Последнее сопротивление архиепископа Иннокентия, видевшего в распространении железных дорог угрозу вере, ущерб церкви и развращение паствы, было сломлено личным письмом Бланкенгагеля. Он заверил владыку, что уплата за отчуждаемые у Горигорецкого и Василь-Дубнянского монастырей земли будет произведена по цене, не меньшей, чем Мамонтов и Шипов платили Сергиевской лавре. Все же осторожный архипастырь списался с сергиевским архимандритом и только по получении благоприятного ответа[60] выразил свое одобрение. Больше того, движимый прогрессивными побуждениями, он самолично, с поднятыми хоругвями и хором монахов, где преобладали глубочайшие басы[61], отправился на освящение закладки. При большом стечении простонародья архипастырем были вознесены моленья о даровании всяческих преуспеяний гг. благодетелям Горигорецкого края.
(— Ну, не надоело тебе таскаться по моим раскопкам, Костя?
— Нет... но я слишком узнаю тебя во всем этом: твое терпение, твой гнев, твою насмешку...
Кажется, он требовал уточнения границы между действительностью и вымыслом летописца; и он остерегался обидеть товарища прямым недоверием к его работе.
— Так докажи мне по этим бумагам, что всего этого не было! — запальчиво возражал Пересыпкин, сдвигая в его сторону всю груду балансов, коносаментов и рапортов.— Судья считает показания свидетелей достоверными, если нет других, им противоположных.
— Где они, твои свидетели? Они в безвестной отлучке. Спустись в их могилы, растолкай, расспроси их, Алеша!
— Я спрошу книги...
— Э, книги те же кости — идей, веков и великих человеков!
— ...наконец, последний мой свидетель еще жив! — торжествуя, кричал наш историк, имея в виду Похвиснева; и кондуктора в соседней половине прислушивались, как к возникающей ссоре.— Я разыщу его, я возьму его за плечи, я взгляну ему в выцветшие глаза и по ним выверю мою правду...)
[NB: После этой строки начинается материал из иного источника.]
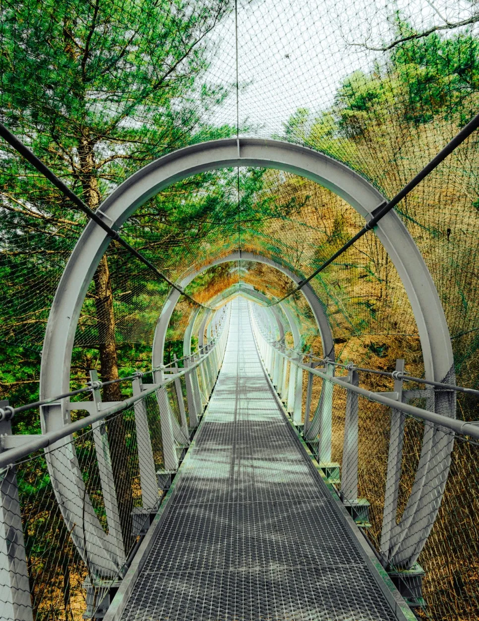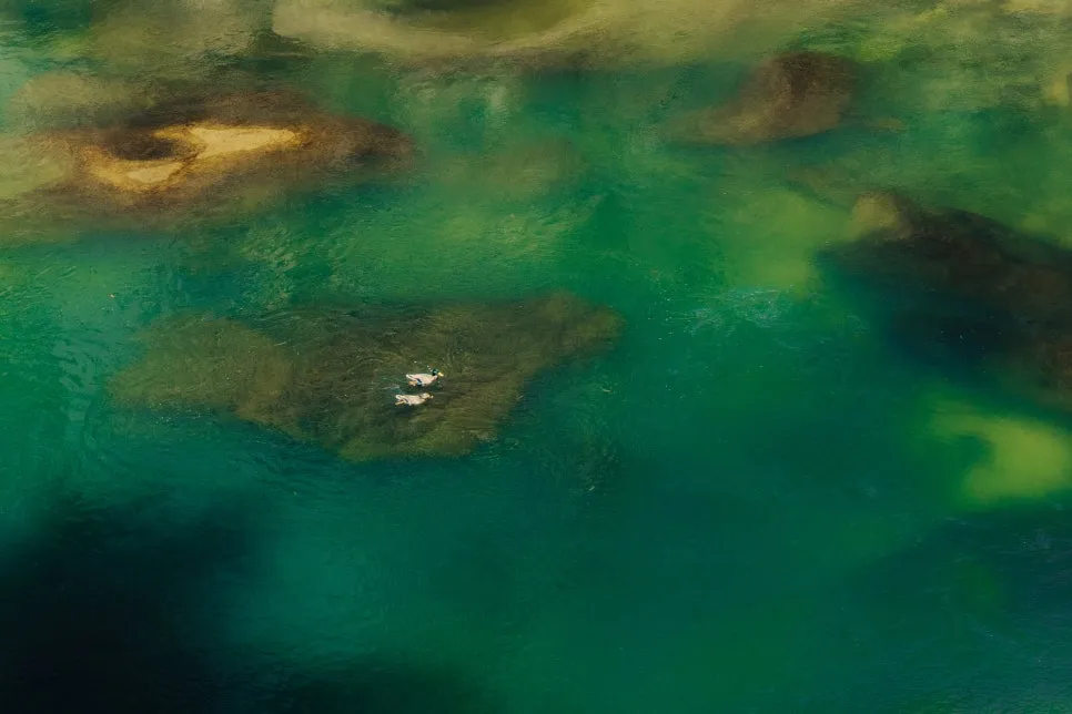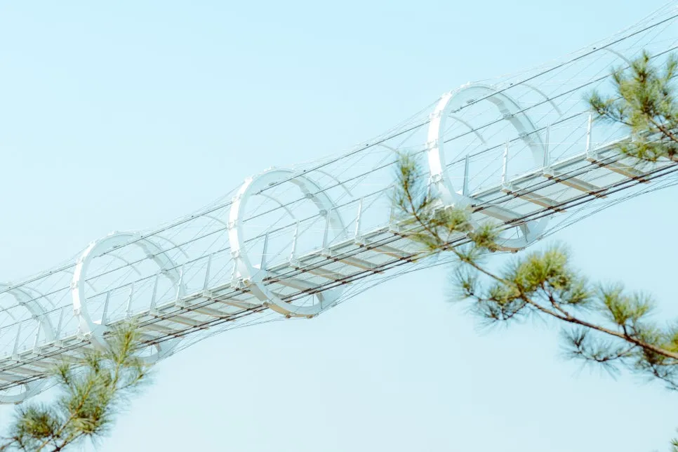 이후 샘소 쉼터, 2번홀교를 지나면 주상절리 절경 구간으로 꼽히는 ‘철원한탄강 스카이전망대’가 등장한다. 이곳에 닿았다면 이제 딱 코스 절반까지 온 셈이다. 이곳에도 반원 형태의 다리가 있는데, 중간부터는 바닥 전체가 강화유리로 되어 있어 발아래가 훤히 보인다. 발밑 아래 펼쳐진 옥빛 한탄강에는 오리들이 유유히 헤엄친다.

Достаточно было взглянуть на расценочную ведомость, чтобы постигнуть размах аферы. Считая, например, стоимость подвижного состава по нормальным ценам того времени в два с половиной миллиона, Бланкенгагель округлил эту цифру до трех. («И это в то время, милый Костя, когда берлинский завод Борзига и фабрика Флуга предлагали паровозы по цене в полтора раза низшей манчестерского Геста и бирмингамского Сого!») Количество земляных работ исчислялось в таких цифрах, как будто это была самая гористая часть империи. А местность была ровная, балласт укладывался по равнине, и требовалось лишь наковырять канавок по сторонам пути. Даже шпалы были расценены по рублю с четвертаком, хотя красная им цена была полтинник, включая стоимость пропитки. Таким образом, сто восемьдесят верст двухколейного земляного полотна с одним рельсовым путем обошлись по семидесяти пяти тысяч рублей. Самое утверждение этой ведомости обнаруживало полную неосведомленность министров даже в географических особенностях различных областей империи.
Итак, хрипучий бас велиароподобного Иова подал сигнал к движению бумаг, людей, капиталов, рабочих тачек. Первая партия землекопов, вследствие недорода в Заволжье и смежных благоприятных обстоятельств, готова была немедленно, за хлеб и воду, двинуться на место работ. (Покамест Бланкенгагель хлопотал о получении по сходной цене польских арестантов, как это практиковалось на постройке Харьковской и других дорог.) Главный подряд получил известный г. Орбек... Словом, происходила деятельная суматоха: директора подмахивали чеки, чиновники скрипели перьями, священнослужители воссылали моленья, а мужички («эти древнерусские экскаваторы, Костя!») потуже подтяги вали пояса, отправляясь в дальний путь. Социальная машина века приходила в движение.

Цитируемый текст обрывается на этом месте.